This post sets out the legal requirements and 4 bare minimum content essentials for a construction contract.

Even where all of those exist, the courts sometimes decide there is no contract because all the essential terms were not agreed.

The terms on which the parties were [of one mind] must not omit any term which, even though the parties did not realise it, was in fact essential to be agreed in order to make the contract commercially.

There is a subtle distinction between:

  1. essential terms = ‘terms without which the contract cannot be enforced’ ie generally required for this sort of contract
  2. necessary terms = ‘terms which the partners have agreed to be essential for the formation of a binding contract’  ie specifically required for this particular contract, and
  3. important terms = terms ‘which the courts regard as important’, ie not required (Pagnan).

What is Essential?

You decide!

Then you MUST ensure you don’t start work until that term is negotiated and agreed.
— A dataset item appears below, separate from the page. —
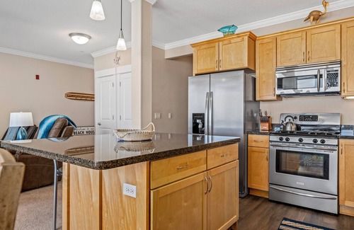 A fully equipped kitchen with stainless steel appliances allows vacationers to prepare their own cuisine which can be enjoyed at the oceanfront dining room table. When your meal is complete, unwind on the couch or recliner next to the river rock gas fireplace and enjoy a movie on the Smart television.
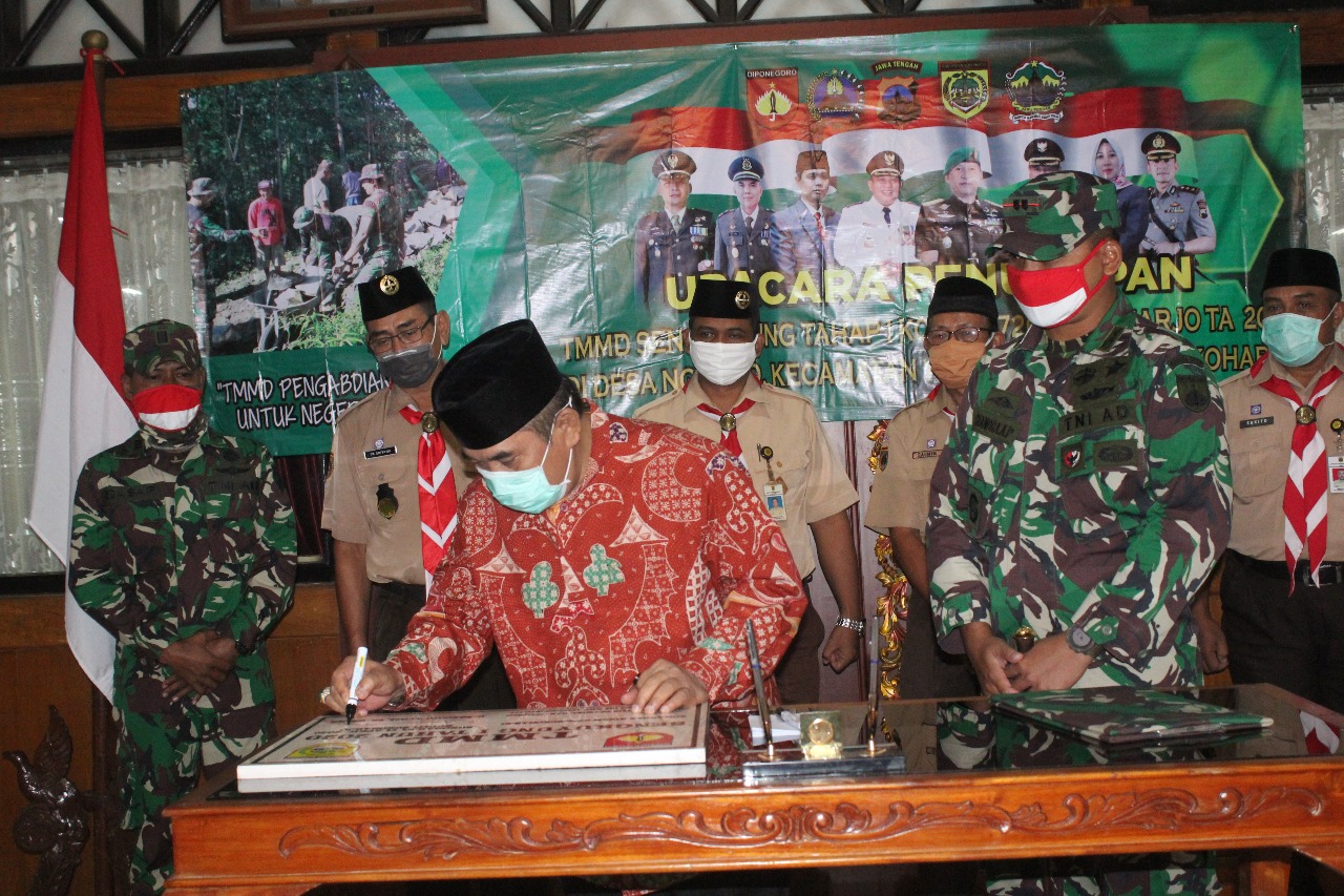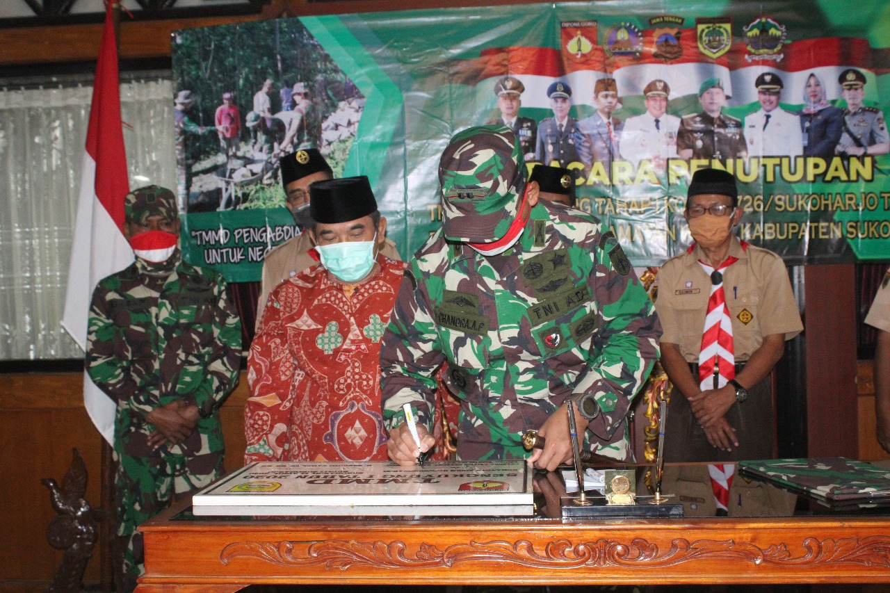 Penutupan TMMD Sengkuyung I dilaksanakan sederhana dengan penandatangan berita acara penyerahan hasil TMMD Sengkuyung Tahap I oleh Dandim Letkol Inf. Chandra Ariyadi Prakosa pada Bupati Wardoyo Wijaya di lobby Kantor Bupati, Selasa (14/04/2020).

A few examples will highlight the dangers:

  • Haden Young v Laing O’Rourke: the M&E subcontractor started work but never signed a contract as its limit on liability was not agreed. The court said no contract.
  • RTS v Molkerei: the engineering contractor started work but never signed a contract as its limits on liability was not agreed. The court decided there was a contract based on MF/1.
  • Arcadis v Hyder: the consultant to a specialist subcontractor started work but never signed one of the three sets of terms sent as its limit on liability was not agreed. The High Court said a contract with unlimited liability, overruled by the Court of Appeal who said it was limited (to the reasonable costs of repair and renewal).
  • Wells v Devani: the trigger event for payment was not agreed before the services were provided. The court said there was no contract.

What should you do?

Your contract strategy should be decided before you start negotiating. In all your correspondece you should set out the contract terms that are essential for your business. You must make sure those terms are agreed before you start work. Once you start, anything can happen!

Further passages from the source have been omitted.